Data Security in Oracle BI Apps
Posted by Dylan Wan on July 15, 2008
I am describing how data security works in Oracle BI Apps.
The key concept is that Oracle BI Apps can read the permission/grant the security administrator defined in the OLTP during the runtime. If you change/revoke the access in OLTP, the change can be immediately reflected in OBI Apps. This is very important if your BI Apps users are the same sets of the users who are using the OLTP application.
How does it work during runtime?
When a user logins to Oracle BI Apps, regardless which user authentication method is used, as long as the user is sync-ed up with the OLTO users. This is what happens:
During initializing the BI user session, OBIEE server connect to the OLTP database and issue the “Initi-block SQL” which can fetch the list of object instances that the user are allowed to access.
The list of objects are put into OBIEE cache and will be available throughout the session.
When a user access a particular data set (either selecting a dimension or a fact table column), a security predicate may be attached to the generated SQL. The list of objects cached will be used in the predicate( a IN list or something similar) and only the data set the user can see will be available.
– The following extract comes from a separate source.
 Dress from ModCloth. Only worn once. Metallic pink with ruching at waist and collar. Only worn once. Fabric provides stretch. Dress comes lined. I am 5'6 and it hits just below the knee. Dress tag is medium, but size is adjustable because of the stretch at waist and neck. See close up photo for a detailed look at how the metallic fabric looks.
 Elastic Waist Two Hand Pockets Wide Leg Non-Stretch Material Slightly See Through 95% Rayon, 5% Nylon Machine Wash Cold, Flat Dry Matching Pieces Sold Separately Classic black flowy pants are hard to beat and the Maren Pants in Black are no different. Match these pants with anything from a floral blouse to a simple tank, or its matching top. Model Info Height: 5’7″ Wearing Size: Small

How does it happen during the design time?
1. During the design time, the logical mapping between the OLTP tables/object and the OBIA logical tables or the presentation layer need to be analyzed.
For the pre-package apps, many of such has been done by Oracle. However, if you have additional requirements which are either (1) additional data security enforced in OLTP; or (2) the data security defined in OLTP but not supported out of the box, you will need to perform the configuration during design time.
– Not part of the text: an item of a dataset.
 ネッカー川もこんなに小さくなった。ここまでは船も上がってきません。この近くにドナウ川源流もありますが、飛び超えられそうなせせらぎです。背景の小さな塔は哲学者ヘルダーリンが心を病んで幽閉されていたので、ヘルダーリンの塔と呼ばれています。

2. Once you map the entity, the security filter should be added manually into the OBIEE repository (RPD) file. In BIEE Server admin tool, you can go to Manage > Security -> Group. The filter will mimic the same security policy defined in OLTP. For example, in Oracle EBS HR, the data are secured by business groups. A user under the single business group access (SBGA) can only see the HR data within a business group. The filter will be “Dim_Table.BUS_GRP_COL = <the business group>”
3. Another task you will need to do is to find out how to get the business group a user have access from the OLTP. This is done via the OBIEE session variable. If multiple values are possible, a “row wide init-block” will be used. This can be done via (BIEE Admin -> Manage -> Variables -> Session -> Initialization Block)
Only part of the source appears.